▶ _Information given_:
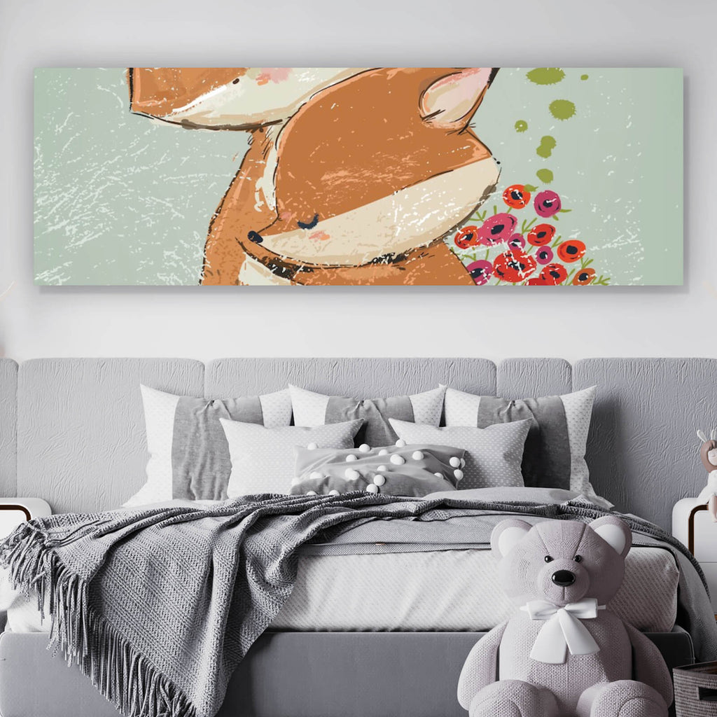 Das Wandbild zeigt eine liebevolle Szene zweier Füchse in inniger Umarmung, die perfekt geeignet ist, um eine warme und einladende Atmosphäre im Kinderzimmer zu schaffen. Diese Illustration strahlt eine bezaubernde Niedlichkeit aus, die sowohl Kinder als auch Erwachsene anspricht. Der sanfte Stil und die harmonische Darstellung der Tiere vermitteln ein Gefühl von Geborgenheit und Ruhe, ideal für eine entspannende Umgebung. Die detaillierte Ausarbeitung der Fuchsgesichter und die Anordnung der Blumen im Hintergrund verleihen dem Bild eine lebendige Tiefe und machen es zu einem Blickfang an jeder Wand. Die Komposition des Bildes eignet sich hervorragend als zentrales Dekorationselement und kann wunderbar mit anderen Natur- und Tiermotiven kombiniert werden. Dieses Kunstwerk ist nicht nur dekorativ, sondern auch inspirierend, da es die Schönheit und Harmonie der Natur in einem modernen Kontext einfängt. Die Verwendung von verspielten Formen und die sanfte Linienführung erhöhen die visuelle Attraktivität und machen es zu einem stilvollen Accessoire für jedes Zuhause. Ideal für Familien, die nach einer kreativen und stilvollen Möglichkeit suchen, ihre Räume zu gestalten.
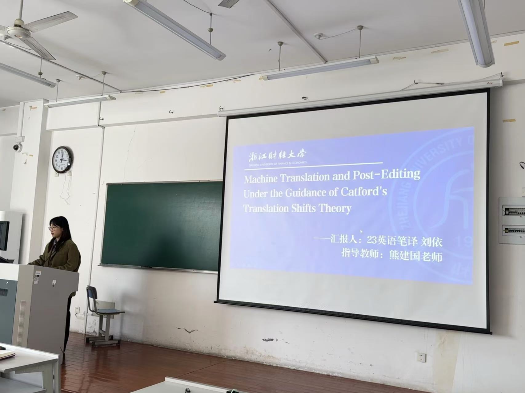 2024年11月28日,刘依作了主题为“Machine Translation and Post-Editing Under the Guidance of Catford's Translation Shifts Theory”的读书报告,熊建国老师进行点评交流。该读书报告会以“卡特福德翻译转换理论指导下的机器翻译和译后编辑”为主题,详细介绍了卡特福德翻译转换的几种类型以及机器翻译的现状,并在该理论的指导下通过案例分析对机器翻译的译文进行有针对性的译后编辑。在交流讨论环节中,熊建国老师分别针对该读书报告进行了专业点评,并提出了修改意见以望参考。最终读书报告在老师及同学们的热烈讨论中圆满结束。
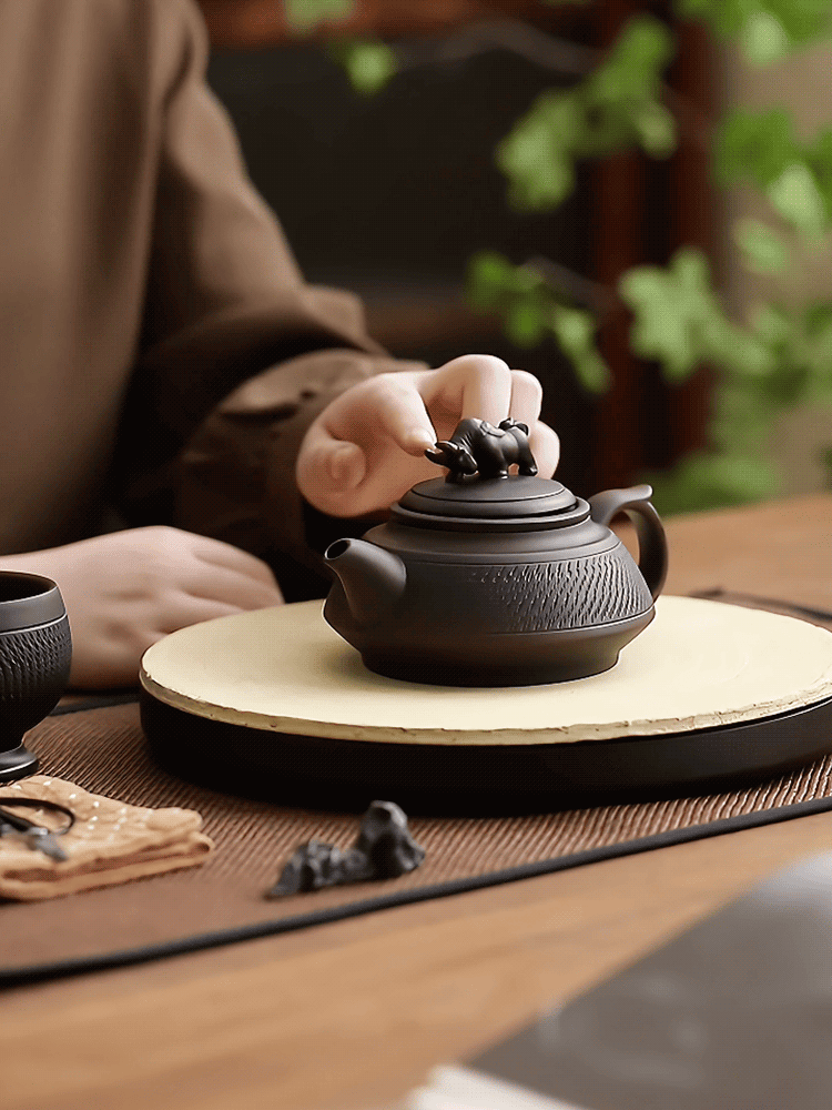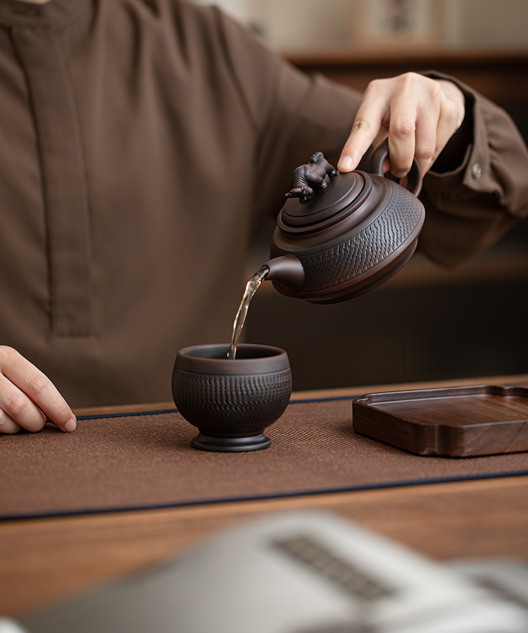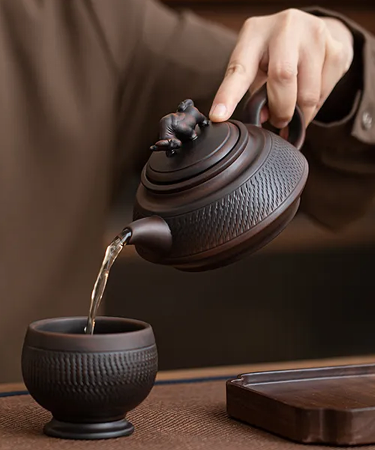 跳刀纹的奥妙在于实用与美学的共生——凹凸肌理既防滑防烫,又让光影在茶席间流转。
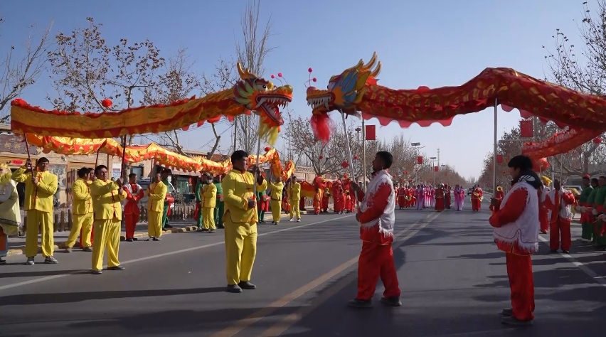 鼓声如雷、钹音清脆、锣鸣镗镗,精彩的社火表演,一张张幸福的笑脸,构成了一幅喜庆祥和的喜迎新春画卷。大家通过铿锵的锣鼓、金色的祥龙、欢快的秧歌等表演,展现了麦盖提县各族人民的热情和活力的同时,也向全县广大群众送去了新春的问候和祝福,让各族群众体验年味十足的民俗文化盛宴。
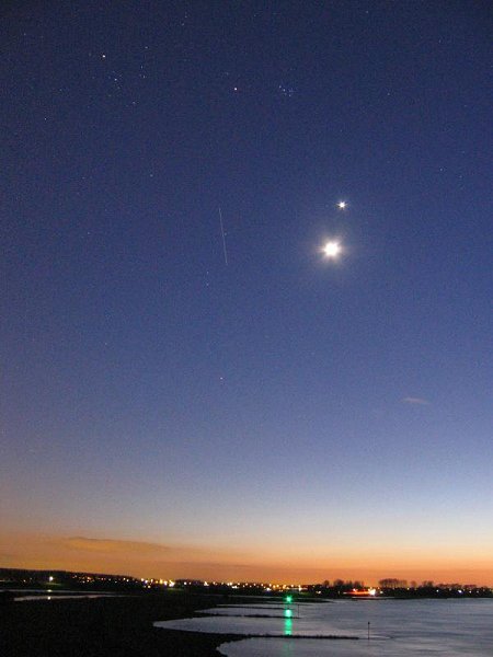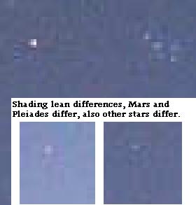 The Original from the second available for download. The blowup at right is from Nancy, who noted that the shading lean for Mars was to the lower left, in the Pleiades to the upper right, but for other stars in the photo the lean is to the lower right consistently! Mars and Pleiades separate pastes from separate sources, perhaps. In addition, the shading in the other stars is more subtle, with Mars and Pleiades having strong contrast in the surrounding pixels.
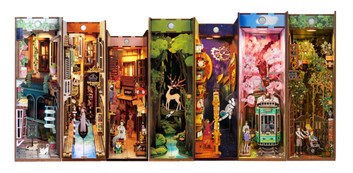Booknooks, oftewel boekensteunen, zijn miniatuurlandschappen of diorama’s die in een boekenplank geplaatst worden. Het is een leuke en originele manier om jouw boekenplank te versieren. De Tone Cheer booknooks van ArtBizniz kun je zelf in elkaar puzzelen. Uren speelplezier gegarandeerd! Booknooks zijn een kunstvorm tussen jouw boeken in de boekenkast. Het is echt houten modelbouw doordat je erg gedetailleerd te werk moet gaan. Booknooks brengen je boekenplank tot leven.
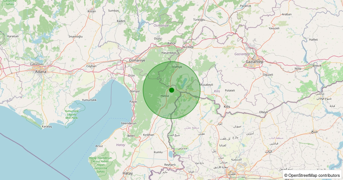 Son 7 gün içinde Hassa - Sapanözü Köyü noktasından 100 km yarıçap içerisinde meydana gelen diğer depremler:
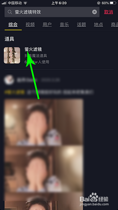 搜刮出后,点击下方的“萤火滤镜特效”。
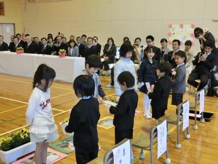 式では、元気よく返事をし、立派な態度でした。2年生の歓迎の言葉では、1年生の主な行事が紹介され、最後に、昨年育てたアサガオの種をプレゼントとしてもらいました。とてもうれしそうにしていました。

▶ _Task to complete_: Pictures stay out; everything else in the records above gets copied exactly.

▶ _Answer to the exercise_:
 Das Wandbild zeigt eine liebevolle Szene zweier Füchse in inniger Umarmung, die perfekt geeignet ist, um eine warme und einladende Atmosphäre im Kinderzimmer zu schaffen. Diese Illustration strahlt eine bezaubernde Niedlichkeit aus, die sowohl Kinder als auch Erwachsene anspricht. Der sanfte Stil und die harmonische Darstellung der Tiere vermitteln ein Gefühl von Geborgenheit und Ruhe, ideal für eine entspannende Umgebung. Die detaillierte Ausarbeitung der Fuchsgesichter und die Anordnung der Blumen im Hintergrund verleihen dem Bild eine lebendige Tiefe und machen es zu einem Blickfang an jeder Wand. Die Komposition des Bildes eignet sich hervorragend als zentrales Dekorationselement und kann wunderbar mit anderen Natur- und Tiermotiven kombiniert werden. Dieses Kunstwerk ist nicht nur dekorativ, sondern auch inspirierend, da es die Schönheit und Harmonie der Natur in einem modernen Kontext einfängt. Die Verwendung von verspielten Formen und die sanfte Linienführung erhöhen die visuelle Attraktivität und machen es zu einem stilvollen Accessoire für jedes Zuhause. Ideal für Familien, die nach einer kreativen und stilvollen Möglichkeit suchen, ihre Räume zu gestalten.
 2024年11月28日,刘依作了主题为“Machine Translation and Post-Editing Under the Guidance of Catford's Translation Shifts Theory”的读书报告,熊建国老师进行点评交流。该读书报告会以“卡特福德翻译转换理论指导下的机器翻译和译后编辑”为主题,详细介绍了卡特福德翻译转换的几种类型以及机器翻译的现状,并在该理论的指导下通过案例分析对机器翻译的译文进行有针对性的译后编辑。在交流讨论环节中,熊建国老师分别针对该读书报告进行了专业点评,并提出了修改意见以望参考。最终读书报告在老师及同学们的热烈讨论中圆满结束。
 跳刀纹的奥妙在于实用与美学的共生——凹凸肌理既防滑防烫,又让光影在茶席间流转。
 鼓声如雷、钹音清脆、锣鸣镗镗,精彩的社火表演,一张张幸福的笑脸,构成了一幅喜庆祥和的喜迎新春画卷。大家通过铿锵的锣鼓、金色的祥龙、欢快的秧歌等表演,展现了麦盖提县各族人民的热情和活力的同时,也向全县广大群众送去了新春的问候和祝福,让各族群众体验年味十足的民俗文化盛宴。
 The Original from the second available for download. The blowup at right is from Nancy, who noted that the shading lean for Mars was to the lower left, in the Pleiades to the upper right, but for other stars in the photo the lean is to the lower right consistently! Mars and Pleiades separate pastes from separate sources, perhaps. In addition, the shading in the other stars is more subtle, with Mars and Pleiades having strong contrast in the surrounding pixels.
Booknooks, oftewel boekensteunen, zijn miniatuurlandschappen of diorama’s die in een boekenplank geplaatst worden. Het is een leuke en originele manier om jouw boekenplank te versieren. De Tone Cheer booknooks van ArtBizniz kun je zelf in elkaar puzzelen. Uren speelplezier gegarandeerd! Booknooks zijn een kunstvorm tussen jouw boeken in de boekenkast. Het is echt houten modelbouw doordat je erg gedetailleerd te werk moet gaan. Booknooks brengen je boekenplank tot leven.
 Son 7 gün içinde Hassa - Sapanözü Köyü noktasından 100 km yarıçap içerisinde meydana gelen diğer depremler:
 搜刮出后,点击下方的“萤火滤镜特效”。
 式では、元気よく返事をし、立派な態度でした。2年生の歓迎の言葉では、1年生の主な行事が紹介され、最後に、昨年育てたアサガオの種をプレゼントとしてもらいました。とてもうれしそうにしていました。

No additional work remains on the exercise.